The apology only ratcheted up the criticism from conservatives. Senator Ron Johnson (R-WI) attacked the president’s statement as a “phony apology” and went on to say “It was like telling someone you’re sorry their dog died, but refusing to acknowledge you ran over the dog.” Similarly Rep. Greg Walden (R-OR) went after President Obama’s honesty by stating: “There’s nothing more damaging than when your word is devalued and people think they were misled.”
President Obama’s apology, while not unique in American political history, was a poor political decision. Former presidents have declared “regret” over policies.
John Kennedy expressed regret over the failed Bay of Pigs invasion in 1961. In an April 21 press conference, Kennedy stated: “There’s an old saying that victory has a hundred fathers and defeat is an orphan … Further statements, detailed discussions, are not to conceal responsibility because I’m the responsible officer of the Government …”
Richard Nixon stated on the eve of his resignation that “I regret deeply any injuries that may have been done in the course of the events that led to this decision.” He added: “I would say only that if some of my judgments were wrong, and some were wrong, they were made in what I believed at the time to be the best interest of the nation.”
Ronald Reagan, after being criticized for the failed arms-for-hostages policy in 1987 said: “A few months ago I told the American people I did not trade arms for hostages,. My heart and my best intentions still tell me that’s true, but the facts and the evidence tell me it is not.”
After months of denying an illicit relationship with White House intern Monica Lewinsky and fighting impeachment, Bill Clinton said: “I know that my public comments and my silence about this matter gave a false impression.
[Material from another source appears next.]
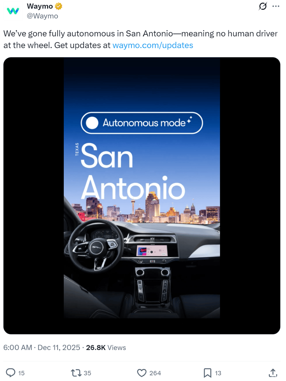 ▲Waymo官宣在圣安东尼奥实现车上无安全员的Robotaxi服务

I misled people, including even my wife. I deeply regret that.”
Most recently George W. Bush, in reflecting on his presidency in 2008, said about the rationale used to begin a military action in Iraq: “The biggest regret of all the presidency has to have been the intelligence failure in Iraq. . . A lot of people put their reputations on the line and said the weapons of mass destruction is a reason to remove Saddam Hussein …. And, you know, that’s not a do-over, but I wish the intelligence had been different, I guess.”
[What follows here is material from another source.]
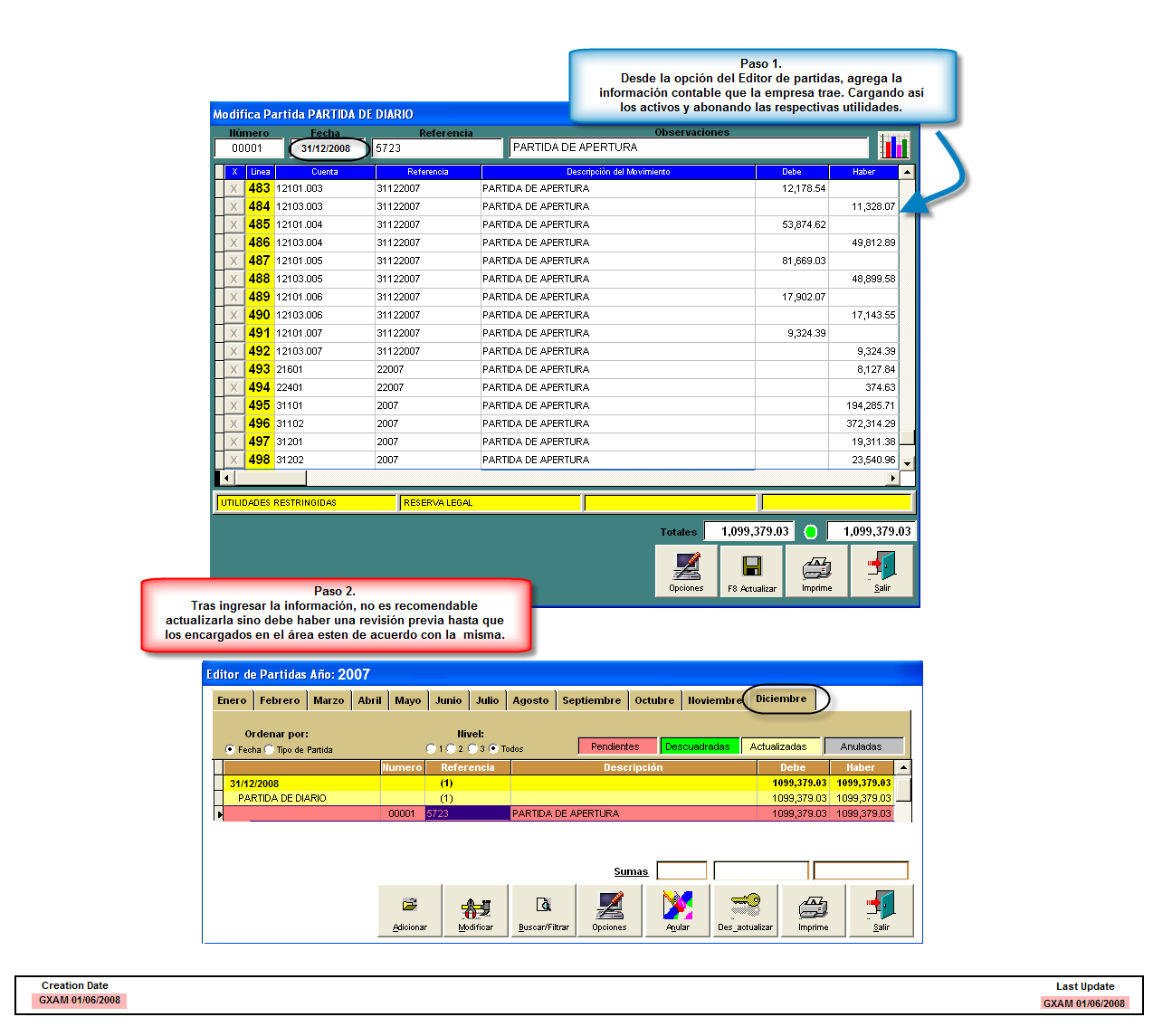 La partida de apertura se carga con la fecha del último día del mes anterior al que comenzara a trabajar, por ejemplo si la empresa en la que labora adquiere el sistema en enero de 2008, indica que la partida se registrará al 31 de diciembre del 2007. Esto es con el fin de establecer los valores iniciales que trae la empresa y no mezclarlos con la nueva información que ingresará al sistema.

Presidential apologies are funny things. Most presidents would rather use the term “regret,” rather than “apology.” Reagan and Bush offer regrets even while implying that their motives were pure, thus failing to accept full responsibility for their actions. Others such as Kennedy and Clinton use circuitous statements of regrets that could their personal responsibility.
President Obama is the only president who gave a full-throated apology and he is being excoriated because to if. In today’s political climate, an apology is seen as a sign of weakness, not a normal human response for something that causes pain for others. There should be little surprise when 39 House Democrats voted the next day in favor of a Republican bill giving existing insurance policyholders and those wanting to by what is now referred to as “junk policies” a year’s extension. Those Democrats saw that a president apologizing for the implementation of a policy stands little hope of regaining the political strength necessary to save the Affordable Care Act or offer them any cover in the 2014 midterm elections.